The Governance and Quality Rubric
Too many teams leave governance, lineage, and data quality as a "Phase 2" item. In a Lakehouse, if you don't build it in from the start, you’re just building a swamp with better marketing. Use this table to score the firm's answers during your reference calls.
Area The "Red Flag" Answer The "Pro" Answer Data Governance "We use role-based access control." "We implemented column-level security and automated PII tagging using Unity Catalog/Snowflake tags." Lineage "It's built into the UI." "We enforced dbt lineage tests and documented upstream/downstream dependencies before the first pipeline hit prod." Data Quality "The users tell us when data is wrong." "We have automated unit tests for data (e.g., 'null' counts) that block production promotion if thresholds are exceeded."
Production Readiness vs. "Pilot Success"
A "pilot" is a sandbox. A "production" Lakehouse is a living, breathing ecosystem. When talking to references provided by firms like Cognizant or Capgemini, you need to determine if they are scaling a pilot or if they actually built a durable system. Ask these specific questions:
- Post-Launch Support: "Did the partner leave you with a knowledge transfer document, or did you have to hire them back for every minor change?" Delivery Proof: "Can you describe the process for deploying a new feature to production? Was it automated, or was it a manual 'copy-paste' job?" Cost Governance: "How did the firm help you optimize costs?
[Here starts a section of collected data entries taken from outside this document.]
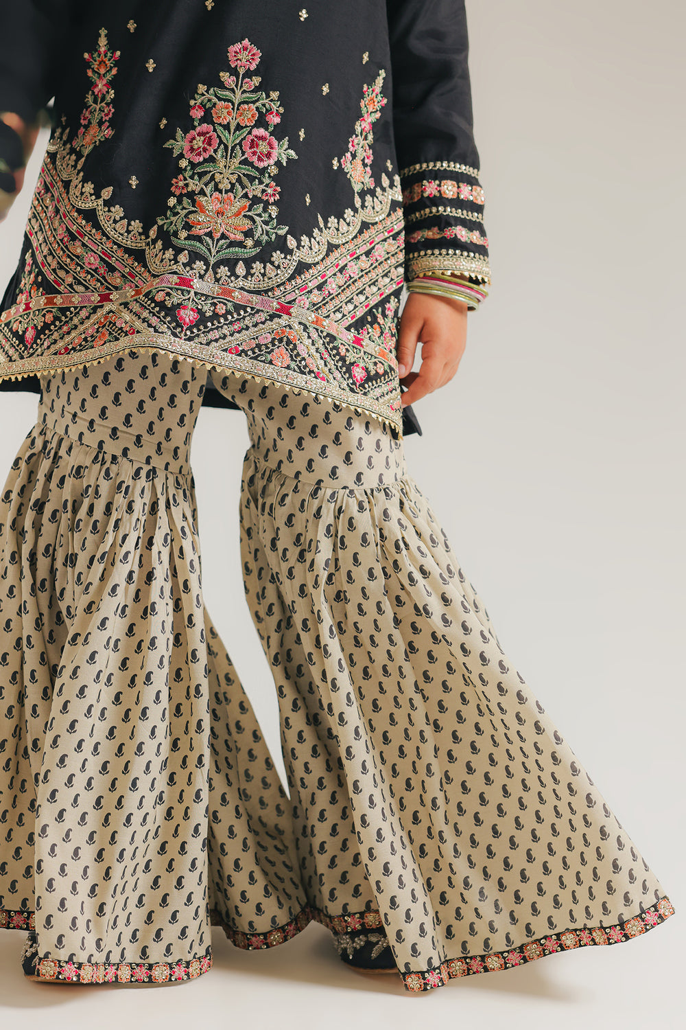 This exquisite embroidered suit combines timeless elegance with contemporary styling. The black kurti showcases intricate Resham and Zari embroidery adorning the neckline, sleeve cuffs, and hemline, with delicate scattered motifs across the chest that catch the light beautifully. Paired with cream and beige gharara trousers featuring a striking geometric block-print pattern, the ensemble creates a sophisticated contrast. The gharara's signature gathered knee design delivers the dramatic flare characteristic of this traditional silhouette, making it an ideal choice for festive occasions.
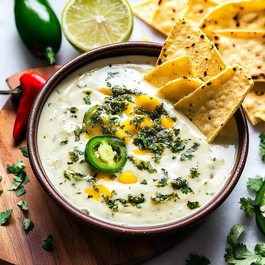 This creamy, tangy dip combines the smoky char of roasted poblanos with the bright heat of salsa verde, all melted into a luxuriously smooth cheese base perfect for dipping.
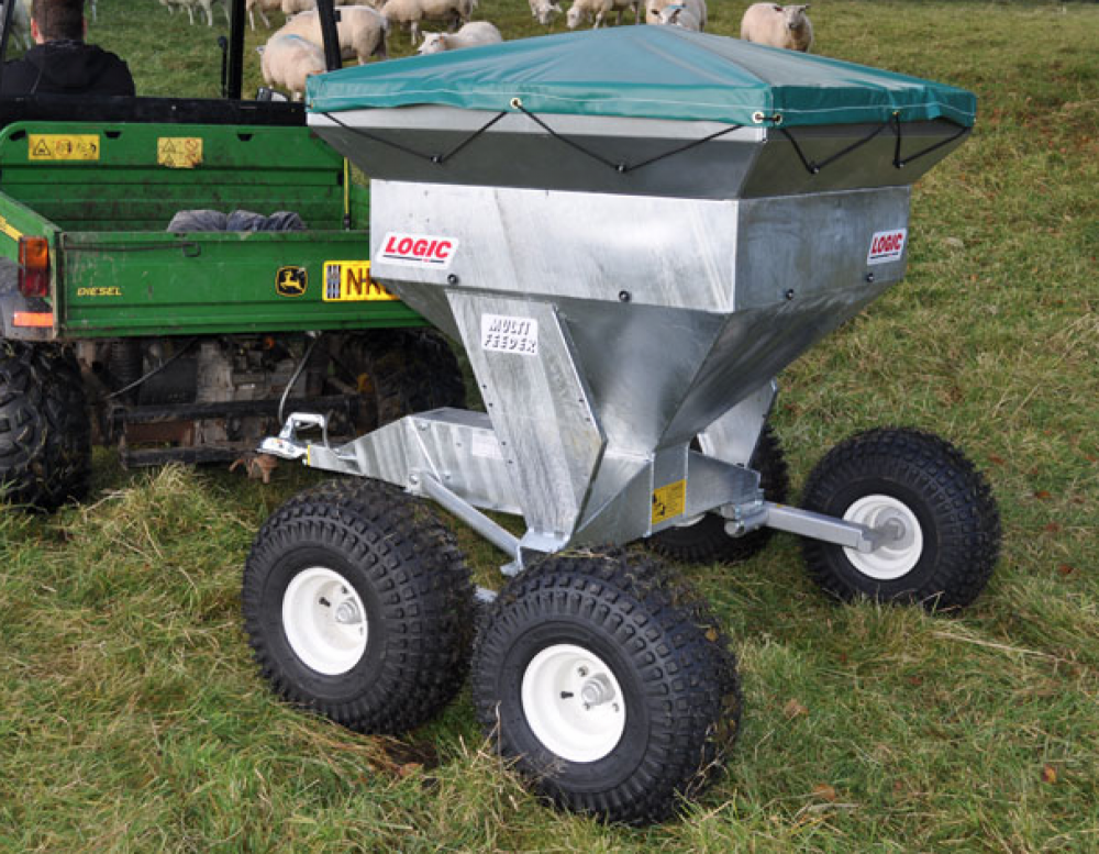 Logics standard UTV/ATV Multi Feeder LMF hopper has a capacity of 356 litres (approximately 320kg, depending on feed type). Suitable for use with other vehicles such as pickups, 4X4s etc., the standard unit comes with 22×11-8 wheels and tyres although different wheel/tyre combinations are available depending upon individual requirements.
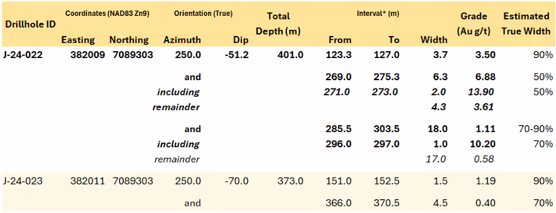 At Jupiter, assays have been received for the first two holes drilled in 2024. Both holes encountered elevated to anomalous (>1 g/t Au, to a high of 13.9 g/t Au over 2.0 m in J-22-024) gold mineralization, expanding the width and depth of the known mineralized system at Jupiter (Table 3).
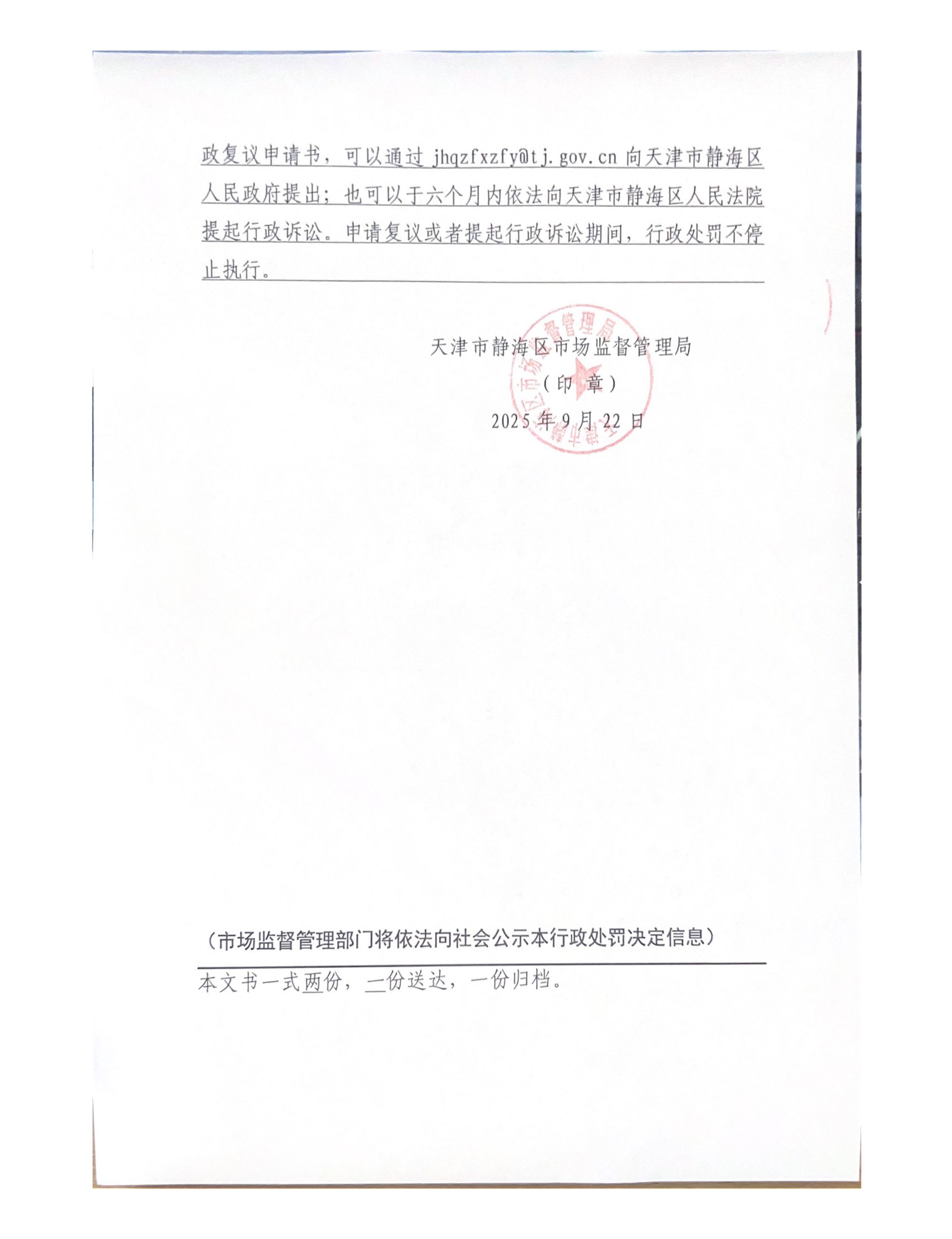 来源:天津市静海区市场监督管理局 发布日期:2025-09-22 09:00
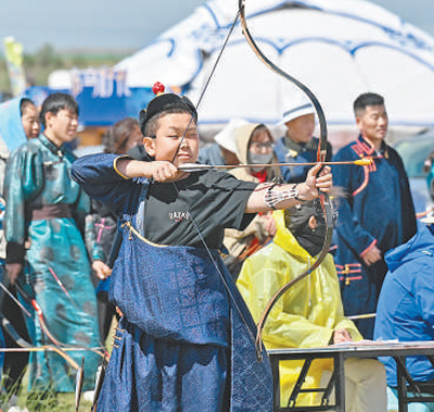搏克場上,勇士們身姿矯健,近身搏斗;射箭場上,選手們屏息凝神,箭羽破空而出;沙嘎比賽的蒙古包內(nèi),孩童們競相投擲,充滿樂趣……遠處,悠揚的馬頭琴聲伴著奶茶醇香,游客們歡聲笑語,沉浸在這場體育盛宴中。
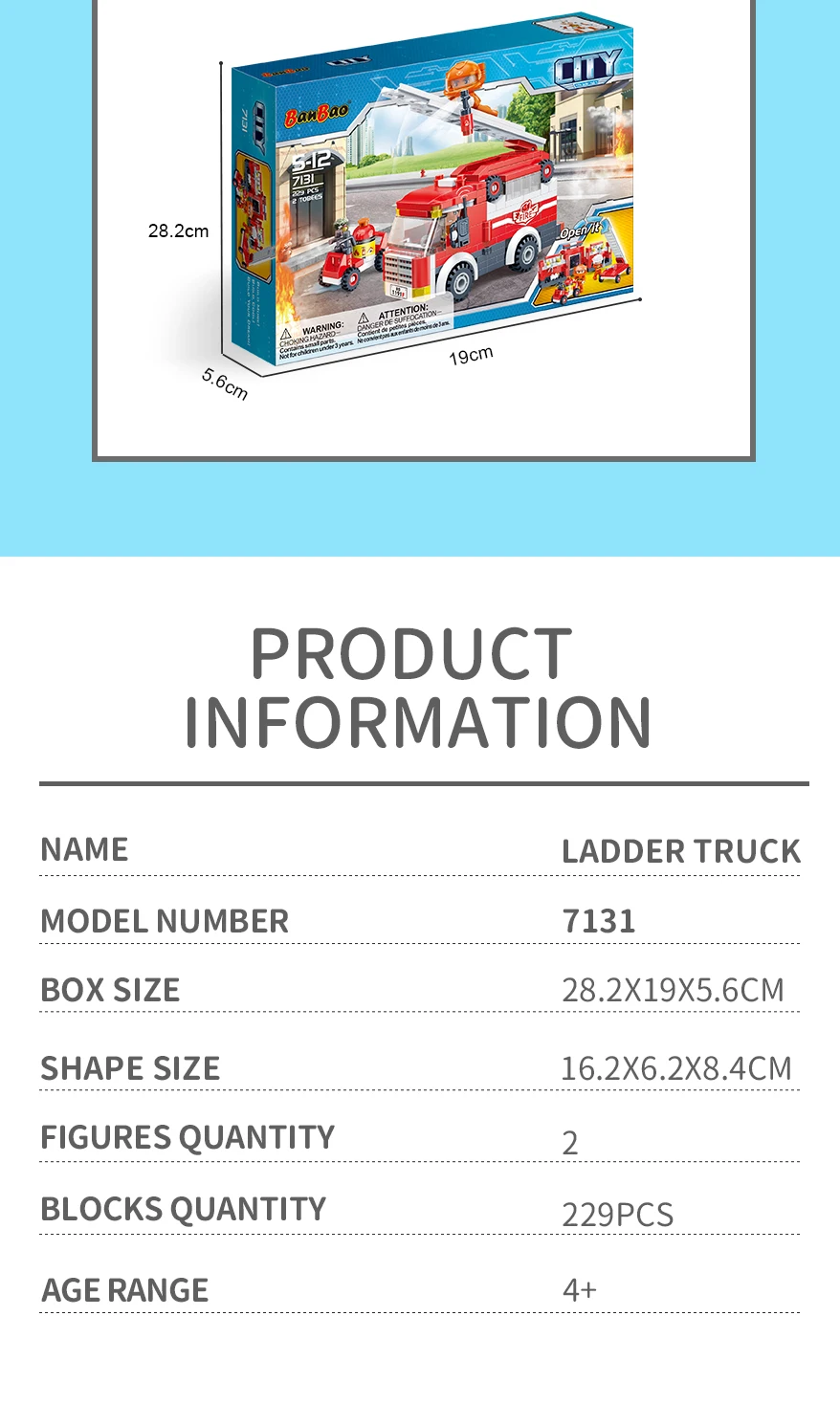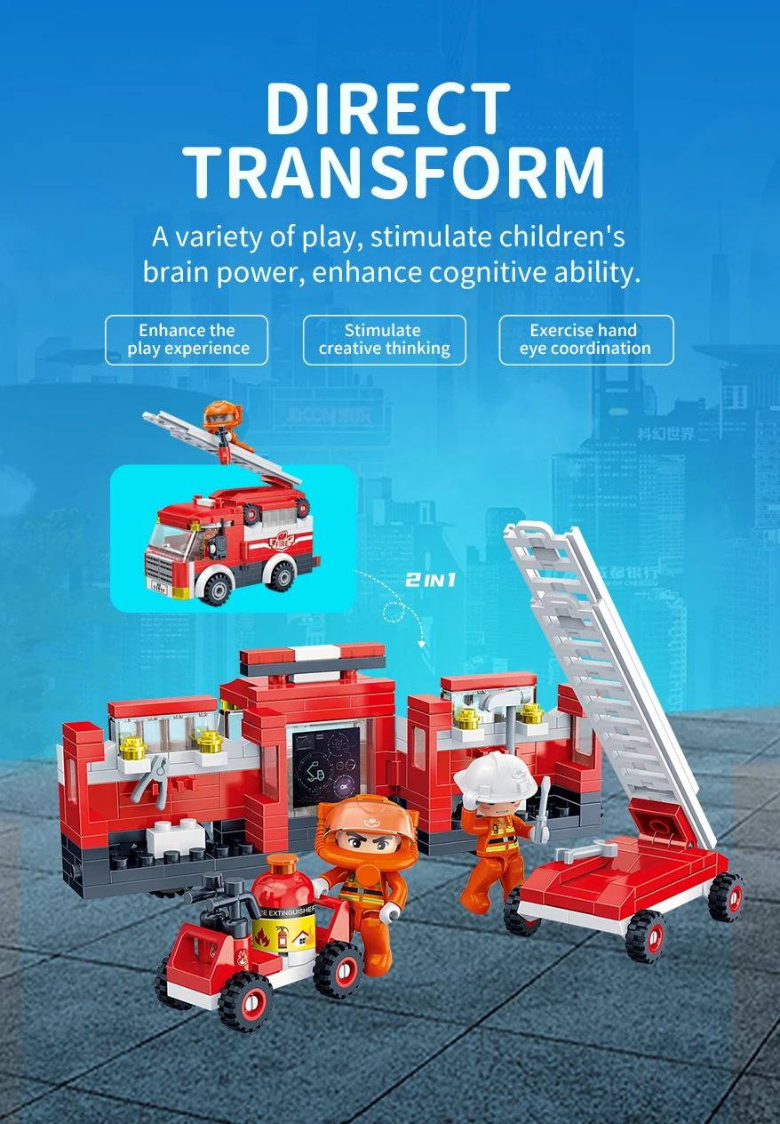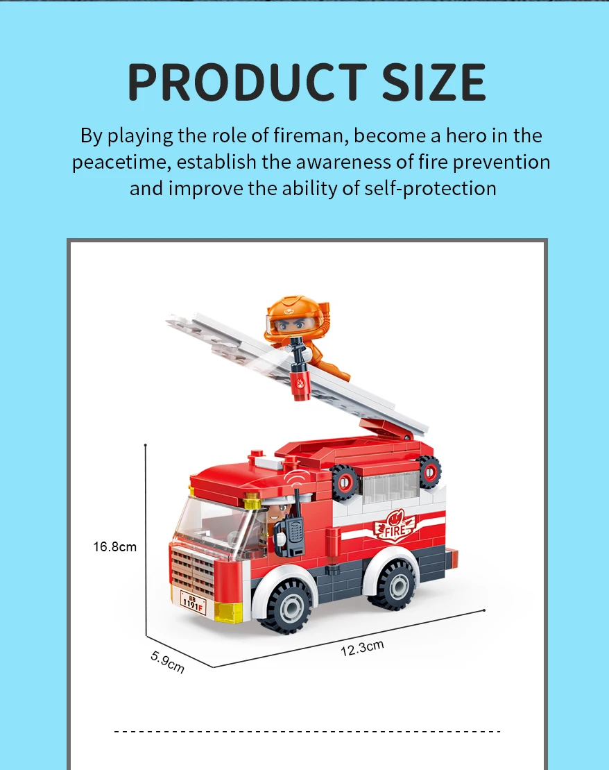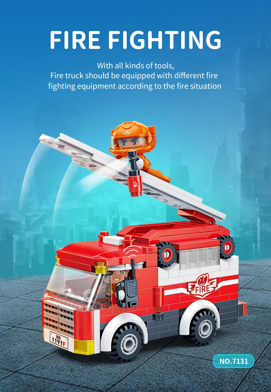 Designer "BanBao City" (229 elm.) Fire truck Build your own unique world with the BanBao construction set! This exciting building block toy brings unlimited creativity and possibilities to your home. Each piece has its own specific place, and the step-by-step guide helps you create the perfect character or unusual artifact. From epic battle robots to exciting heroes and incredible worlds, BanBao allows you to turn any idea into into reality. This construction set is not only an entertaining toy, but also a unique opportunity for your child to develop spatial thinking, creativity and logic skills, during which they will enjoy every moment of construction and be proud of their own masterpiece. With BanBao, your possibilities are endless - let your imagination run wild!
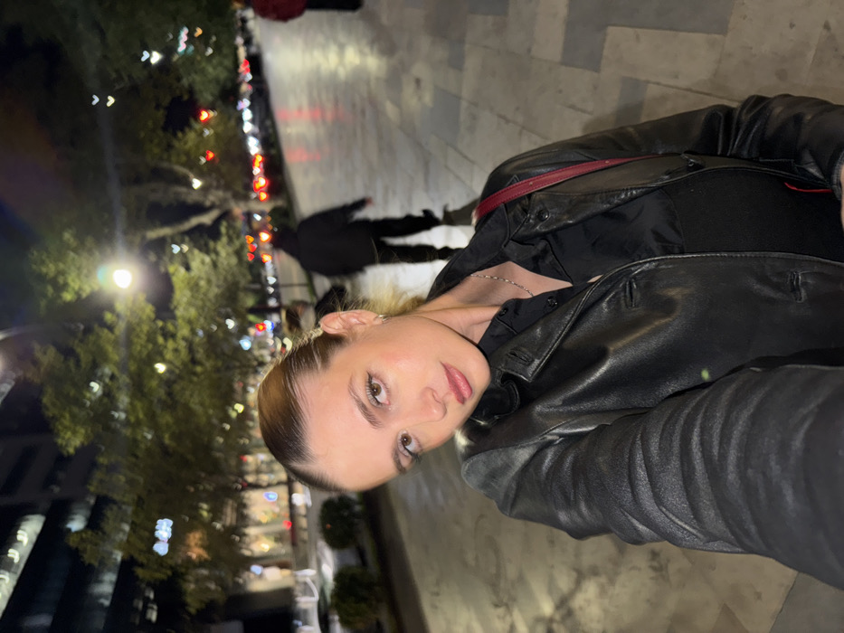 A young adult female is centered in a night-time selfie taken on a pedestrian walkway
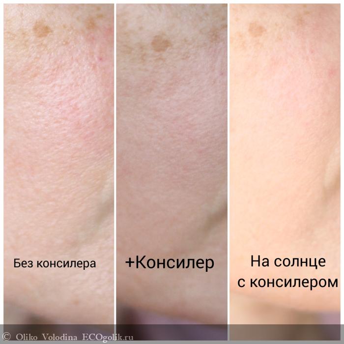 Консилер не сушит, не подчеркивает шелушения, морщины, не западает в рельеф.
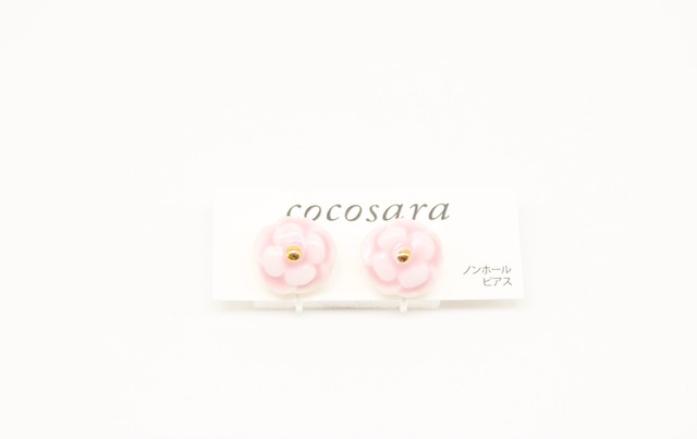 有田焼ノンホールピアス ぷっくりお花 ピンク
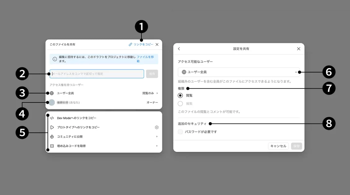 これには、開発者モード、プロトタイプ、コミュニティ公開、埋め込み、およびFigJam専用のオプションが含まれます。 - ユーザー全員 (アクセス設定)
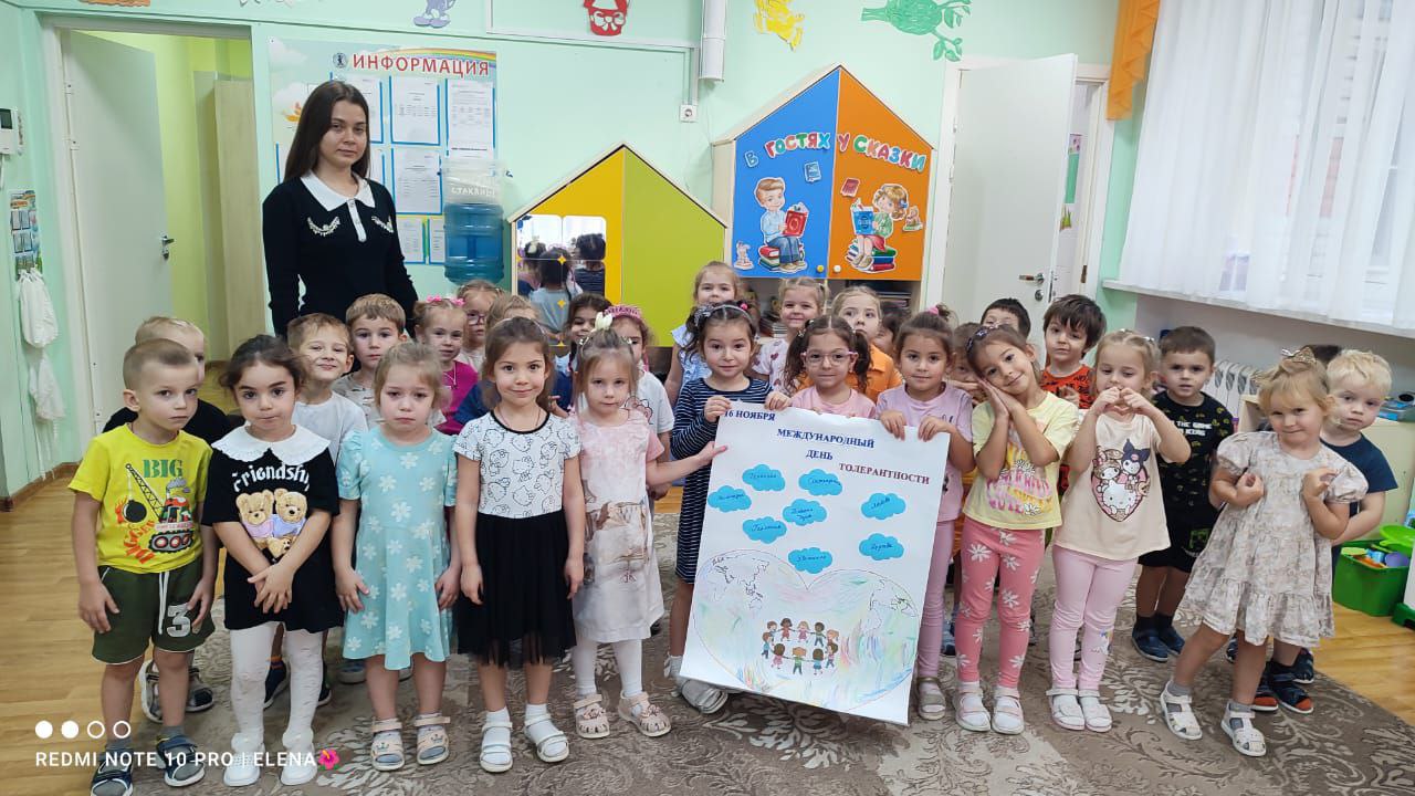 В средней группе «Солнышко» ребята узнали значение слова «толерантность» и выполнили коллективную работу «Международный день толерантности».

Did they leave you with a bloated warehouse/cluster configuration, or did they implement auto-scaling and lifecycle policies?"
The "AI-Ready" Myth
I hear this phrase every day. "We are building you an AI-ready architecture." It means absolutely nothing. AI readiness is a function of data quality and lineage, not just the underlying https://www.suffolknewsherald.com/sponsored-content/3-best-data-lakehouse-implementation-companies-2026-comparison-300269c7 cloud storage.
Ask the reference: "How long did it take your data scientists to get access to production-grade, cleaned data after the platform was delivered?" If the answer is "they’re still struggling to find the right tables," the firm failed. A real Lakehouse makes data discoverable through a well-maintained catalog. If the firm didn't build the catalog, they didn't build a Lakehouse—they built a data silo with a fancy name.
Final Checklist Before You Sign
Before you commit to a long-term engagement, make sure your potential partner checks these boxes during the reference call:
Accountability: The reference confirms the firm stayed through the first major production incidents. Technical Debt: The reference can point to specific areas where the firm warned them about trade-offs (e.g., performance vs. cost). Operational Maturity: The firm didn't just deliver code; they delivered a CI/CD pipeline, monitoring, and an alerting strategy. Staff Augmentation vs. Outcome: The firm focused on training the internal team, not making them permanently dependent on the consultancy.Don’t be afraid to be the difficult person on the reference call. The firm is asking for your budget; you are entitled to know if they can keep your data platform from falling apart at 2 a.m. If they can’t answer the hard questions, keep looking.